In recent years, Natura added to its portfolio with the acquisitions of British beauty brand The Body Shop and Australia’s Aesop.

Success in the beauty business is very much contingent on customer relationships. Natura relies on mature and robust data analysis to deliver contextually customized customer experiences, according to Andrea Alvares, vice president of marketing, innovation, and sustainability. She recently spoke to CMO.com about the intersection between marketing and technology.

CMO.com: Natura represents what many companies are aiming for today: to be a broad and engaged network. What role has new technologies played from a marketing perspective?

Alvares: Technology is an amplifier for our network. Today, 99% of our product order transactions are done digitally. Our Natura Consultingapplication has been downloaded 500 million times, and this number should only increase. The present and future of direct selling undoubtedly passes through mobile.

CMO.com: Is there a right way for marketers to leverage mobile?

**Alvares:**The watchword is relevance. It is necessary to approach people in the right context by offering them what is appropriate. The challenge in our area is to offer experiences that are relevant to each of these people without interrupting them.

CMO.com: Providing experiences in the right context involves data analysis.

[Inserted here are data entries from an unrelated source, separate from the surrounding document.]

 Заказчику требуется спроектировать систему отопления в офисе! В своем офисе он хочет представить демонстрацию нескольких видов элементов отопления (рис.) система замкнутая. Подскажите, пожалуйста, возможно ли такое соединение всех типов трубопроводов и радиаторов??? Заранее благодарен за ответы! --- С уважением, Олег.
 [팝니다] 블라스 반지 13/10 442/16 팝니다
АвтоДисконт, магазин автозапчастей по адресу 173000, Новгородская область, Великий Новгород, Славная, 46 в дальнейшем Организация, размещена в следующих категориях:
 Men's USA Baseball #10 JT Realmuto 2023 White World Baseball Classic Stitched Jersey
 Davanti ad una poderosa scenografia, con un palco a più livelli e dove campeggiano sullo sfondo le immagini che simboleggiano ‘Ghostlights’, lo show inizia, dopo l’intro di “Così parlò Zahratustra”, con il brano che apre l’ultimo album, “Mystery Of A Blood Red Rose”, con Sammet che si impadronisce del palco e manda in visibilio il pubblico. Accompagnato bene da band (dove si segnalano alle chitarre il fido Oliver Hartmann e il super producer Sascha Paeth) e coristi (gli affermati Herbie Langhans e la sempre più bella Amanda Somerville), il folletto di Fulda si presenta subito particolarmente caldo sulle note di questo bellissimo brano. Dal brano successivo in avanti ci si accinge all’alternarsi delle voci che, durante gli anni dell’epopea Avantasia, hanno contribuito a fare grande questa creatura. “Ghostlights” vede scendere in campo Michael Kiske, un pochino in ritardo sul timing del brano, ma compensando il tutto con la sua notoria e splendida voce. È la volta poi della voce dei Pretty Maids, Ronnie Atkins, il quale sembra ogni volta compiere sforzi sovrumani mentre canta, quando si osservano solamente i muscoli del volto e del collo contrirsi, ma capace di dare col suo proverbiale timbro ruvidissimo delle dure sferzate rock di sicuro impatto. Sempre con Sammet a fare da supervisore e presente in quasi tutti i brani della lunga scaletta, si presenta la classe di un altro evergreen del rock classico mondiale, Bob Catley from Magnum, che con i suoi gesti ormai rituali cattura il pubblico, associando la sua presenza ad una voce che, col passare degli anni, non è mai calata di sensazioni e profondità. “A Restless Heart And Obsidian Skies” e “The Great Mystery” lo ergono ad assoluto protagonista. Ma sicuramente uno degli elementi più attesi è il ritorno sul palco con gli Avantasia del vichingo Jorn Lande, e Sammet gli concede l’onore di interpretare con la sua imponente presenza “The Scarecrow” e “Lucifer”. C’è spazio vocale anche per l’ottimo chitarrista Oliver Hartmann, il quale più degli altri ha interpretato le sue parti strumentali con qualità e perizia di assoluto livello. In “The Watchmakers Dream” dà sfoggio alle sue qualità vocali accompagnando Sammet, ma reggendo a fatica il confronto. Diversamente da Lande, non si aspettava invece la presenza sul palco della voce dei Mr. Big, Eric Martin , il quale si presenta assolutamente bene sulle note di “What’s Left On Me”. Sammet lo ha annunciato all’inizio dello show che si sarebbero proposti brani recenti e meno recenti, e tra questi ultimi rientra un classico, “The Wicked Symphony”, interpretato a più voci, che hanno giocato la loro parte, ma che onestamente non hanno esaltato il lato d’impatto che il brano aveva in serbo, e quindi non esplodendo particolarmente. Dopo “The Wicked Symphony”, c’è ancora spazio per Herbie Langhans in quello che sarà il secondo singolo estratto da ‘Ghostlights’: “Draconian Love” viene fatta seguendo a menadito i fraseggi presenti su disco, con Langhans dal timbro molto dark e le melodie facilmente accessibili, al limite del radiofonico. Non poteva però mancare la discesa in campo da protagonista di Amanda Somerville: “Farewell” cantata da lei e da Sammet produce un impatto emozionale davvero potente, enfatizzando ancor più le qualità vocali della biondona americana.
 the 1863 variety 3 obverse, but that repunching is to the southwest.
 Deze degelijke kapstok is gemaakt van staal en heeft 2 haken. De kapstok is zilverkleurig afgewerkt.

Where will this evolution of CRM lead us?

**Alvares:**We are 100% immersed in this process. We have an online monitoring room to analyze aggregate data, sales, consumer interactions, and consultants. But, for any marketing leader, this is a journey, and we are seeing only the tip of the iceberg of what it is possible to do with data analysis. We learn every day, we use bots to test our possibilities, and we are trying to increasingly customize our approach. We are only at the beginning of a big and greater revolution.

CMO.com: Does this revolution reinvent what we know as customer experience?

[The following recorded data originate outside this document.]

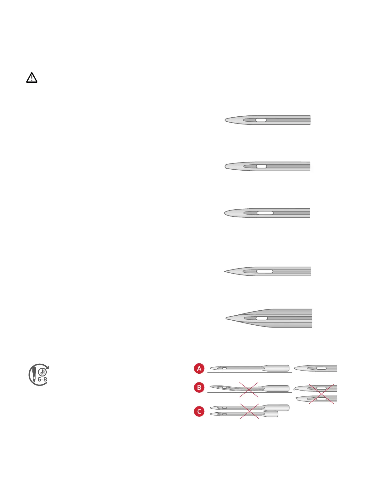Gebruik geen asymmetrische tweelingnaalden (C); uw
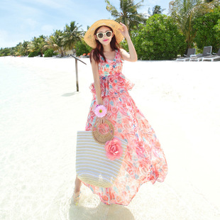 波西米亞長裙海邊度假碎花沙灘裙出游旅行連衣裙雪紡長裙一件代發 /
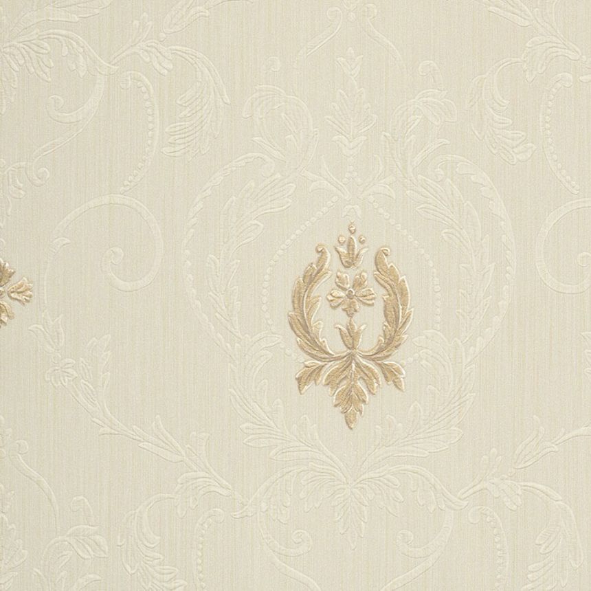 Vinyl, cream wallpaper with a metallic gray-beige baroque pattern.
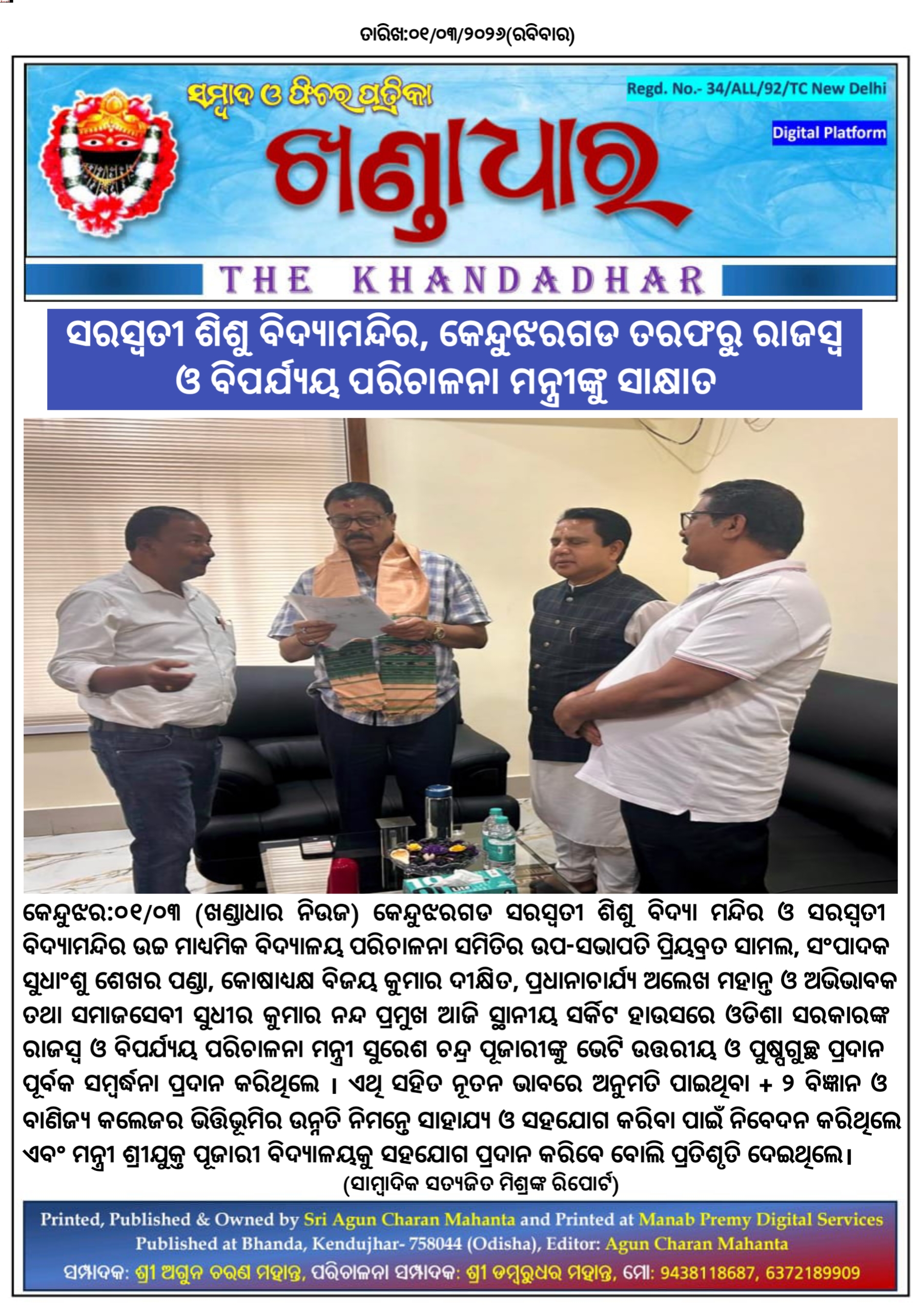 କେନ୍ଦୁଝର:୦୧/୦୩- କେନ୍ଦୁଝରଗଡ ସରସ୍ୱତୀ ଶିଶୁ ବିଦ୍ୟା ମନ୍ଦିର ଓ ସରସ୍ଵତୀ ବିଦ୍ୟାମନ୍ଦିର ଉଚ୍ଚ ମାଧ୍ୟମିକ ବିଦ୍ୟାଳୟ ପରିଚାଳନା ସମିତିର ଉପ-ସଭାପତି ପ୍ରିୟବ୍ରତ ସାମଲ, ସଂପାଦକ ସୁଧାଂଶୁ ଶେଖର ପଣ୍ଡା, କୋଷଧ୍ୟକ୍ଷ ବିଜୟ କୁମାର ଦୀକ୍ଷିତ, ପ୍ରଧାନାଚାର୍ଯ୍ୟ ଅଲେଖ ମହାନ୍ତ ଓ ଅଭିଭାବକ ତଥା ସମାଜସେବୀ ସୁଧୀର କୁମାର ନନ୍ଦ ପ୍ରମୁଖ ଆଜି ସ୍ଥାନୀୟ ସର୍କିଟ ହାଉସରେ ଓଡିଶା ସରକାରଙ୍କ ରାଜସ୍ୱ ଓ ବିପର୍ଯ୍ୟୟ ପରିଚାଳନା ମନ୍ତ୍ରୀ ସୁରେଶ ଚନ୍ଦ୍ର ପୂଜାରୀଙ୍କୁ ଭେଟି ଉତ୍ତରୀୟ ଓ ପୁଷ୍ପଗୁଚ୍ଛ ପ୍ରଦାନ ପୂର୍ବକ ସମ୍ବର୍ଦ୍ଧନା ପ୍ରଦାନ କରିଥିଲେ । ଏଥି ସହିତ ନୂତନ ଭାବରେ ଅନୁମତି ପାଇଥିବା + ୨ ବିଜ୍ଞାନ ଓ ବାଣିଜ୍ୟ କଲେଜର ଭିତ୍ତିଭୂମିର ଉନ୍ନତି ନିମନ୍ତେ ସାହାଯ୍ୟ ଓ ସହଯୋଗ କରିବା ପାଇଁ ନିବେଦନ କରିଥିଲେ ଏବଂ ମନ୍ତ୍ରୀ ଶ୍ରୀଯୁକ୍ତ ପୂଜାରୀ ବିଦ୍ୟାଳୟକୁ ସହଯୋଗ ପ୍ରଦାନ କରିବେ ବୋଲି ପ୍ରତିଶୃତି ଦେଇଥିଲେ।
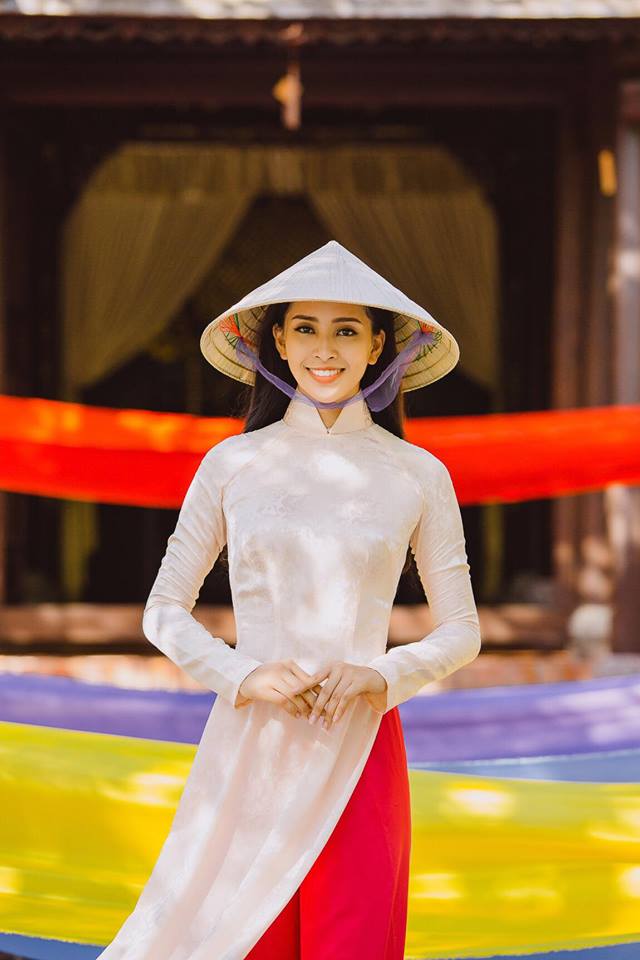 Hoa hậu Việt Nam 2018 gây ấn tượng với gương mặt hiền dịu, vóc dáng cân đối trong tà áo dài trắng tinh khôi.

**Alvares:**We always treat customer experience as a priority. What we have now is a way to follow the different journeys of the final consumer and consultants in our network. With data analysis, we can follow more closely and ensure a greater continuity of the relationships we build. We are obsessed with the integrity of our relationships and believe that customer experience goes through this responsibility.

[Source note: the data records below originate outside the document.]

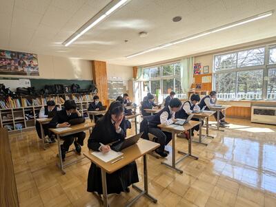 とはいえ、試験。朝から3年生は「気合い」が入っていたようです。朝の挨拶にもいつもと違う緊張が伝わっていたようです。これまでの学びがどれだけついているかな?問題に挑戦することで「今の自分」が分かってくると思うのです。中には「いつもより勉強してきた!」という声、やはりそこは3年生、頼もしい(?)ですね。午後からでしたので、塩ラーメンのおいしさの余韻に浸る余裕もなく、タブレットを用意しいざ!集中を切らすことなく奮闘していました!
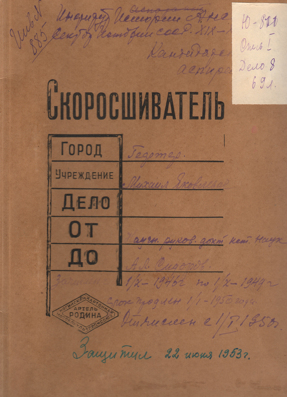 Но начну с 1940-х, хотя и названных роковыми, в первую очередь, из-за Великой Отечественной войны, но это не значит, что они были очень счастливыми и удачливыми, в том числе и для нашей семьи, во второй половине этого десятилетия. Внешне все выглядело вполне пристойно. Хотя могло и помешать то, что Михаил Яковлевич ушел из аспирантуры МГУ, где его научная карьера складывалась благополучно. В частности, поскольку его руководителем был будущий академик Исаак Израилевич Минц — вполне сталинский историк, бывший комиссаром одной из частей Корпуса Червонного казачества во время Гражданской войны. Может быть, он был человеком не самым приятным и не самым достойным высокого звания ученого; при этом относился к отцу неплохо. Так и не закончив аспирантуру МГУ, Гефтер стал работать помощником секретаря ЦК ВЛКСМ Мишаковой – ярой сталинистки и, кажется, довольно вздорной женщины. Уйдя с комсомольской работы, он поступил в аспирантуру Института истории к профессору Сидорову – это был удачный момент в его жизни. Важно то, что Михаил Гефтер занимался тем, что относилось к политически нейтральной теме — историей империализма в России предреволюционного периода, с конца XIX века и первыми годами XX века, его политэкономической составляющей, связанной с тем, как сахарные и нефтяные монополии взаимодействовали с царским правительством. Эта тема, вероятно, была интересной, и в архивах находилось достаточно материалов, посвященных ей. Работая над диссертацией, Михаил Яковлевич познакомился в Ленинграде с профессором Борисом Александровичем Романовым, одним из известных специалистов по эпохе позднего царизма, начала империалистического периода в жизни России, и с другими питерскими коллегами, учениками Романова, с которыми он поддерживал долгие годы тесные, дружеские контакты. Защитил Михаил Яковлевич диссертацию в 1953 году, то есть не по окончании аспирантуры, а по прошествии 4–5 лет. По окончании аспирантского срока его взяли младшим научным сотрудником в Институт истории, директором которого вскоре стал Аркадий Лаврович Сидоров, его научный руководитель.
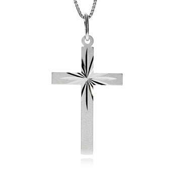Stříbrný rhodiovaný křížek má matný povrch s ozdobným lesklým brusem. Křížek je téměř pět centimetů vysoký a může být zavěšen na silnější řetízek.
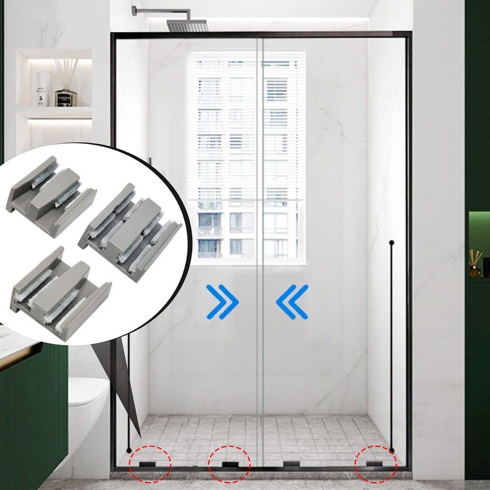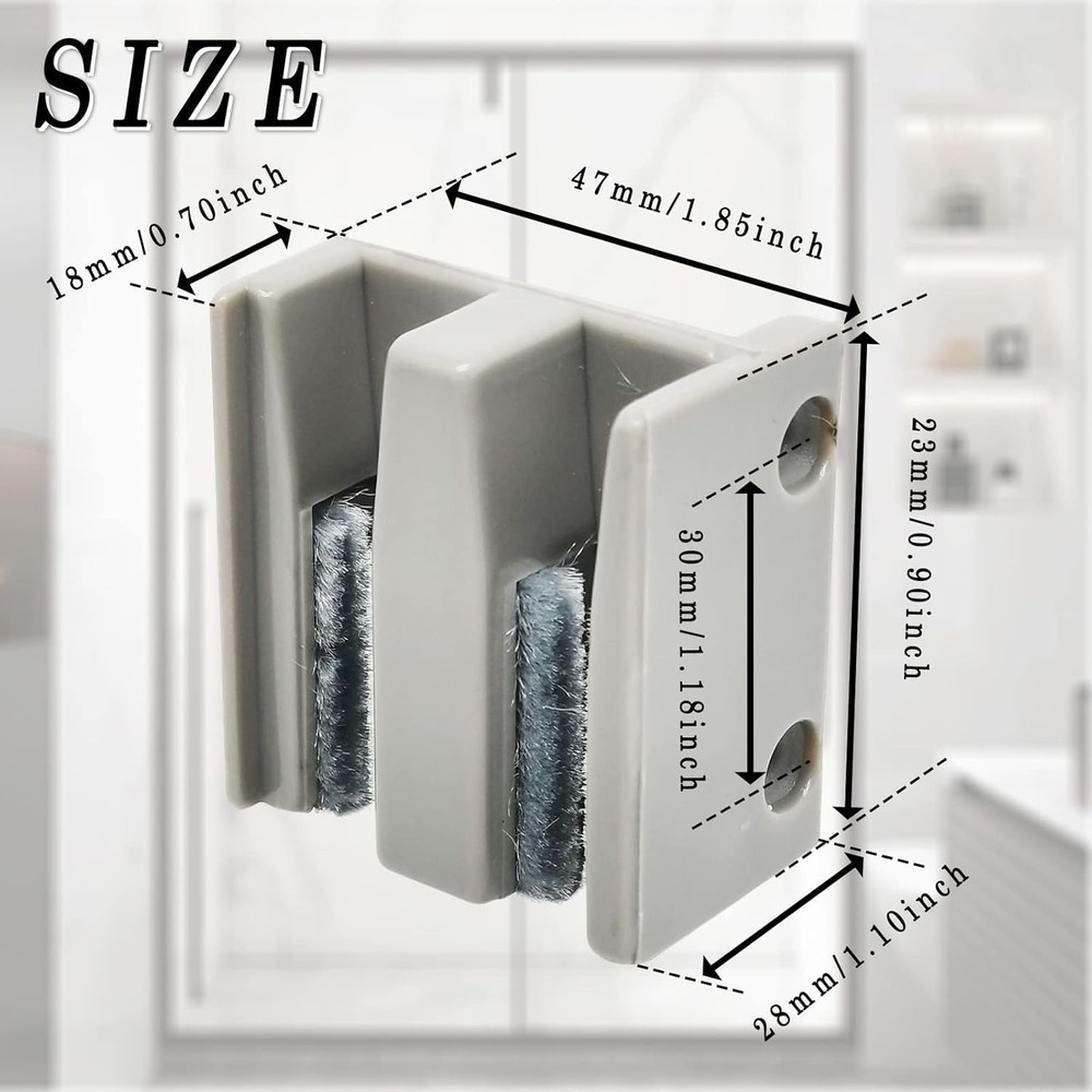 Sliding Shower Door Bottom Guide Assembly with Grey Fluff,8Mm(1/3Inch),Plastic Package Included:3pcs Shower Room Double Track Bottom Guides With Matching Screws. Material:Plastic, Sturdy Construction, Can Be Used For a Long Time. Size:Length:51mm/2.00inch,Width:47mm/1.85inch,Height:28mm/1.10inch、18mm/0.70inch. Applicable Glass Thickness:8mm(1/3inch). Function:Helps Keep Sliding Door Panels Centered On Their Respective Tracks.

CMO.com: Considering the influence of technology on people’s behaviors and consumption patterns, what is the profile of the new marketing leader?

Alvares: One of the key features is insatiable curiosity. In a world that changes so much, it is important to be thirsty for learning and sharing. You need a sense of accomplishment and entrepreneurship, courage to take risks and fight, and an ability of materialization. Understanding and liking technology is important, but this is becoming increasingly invisible because technology is so intrinsic in our daily lives. The debate about understanding it or not will not be relevant anymore. It is something that will already be there naturally.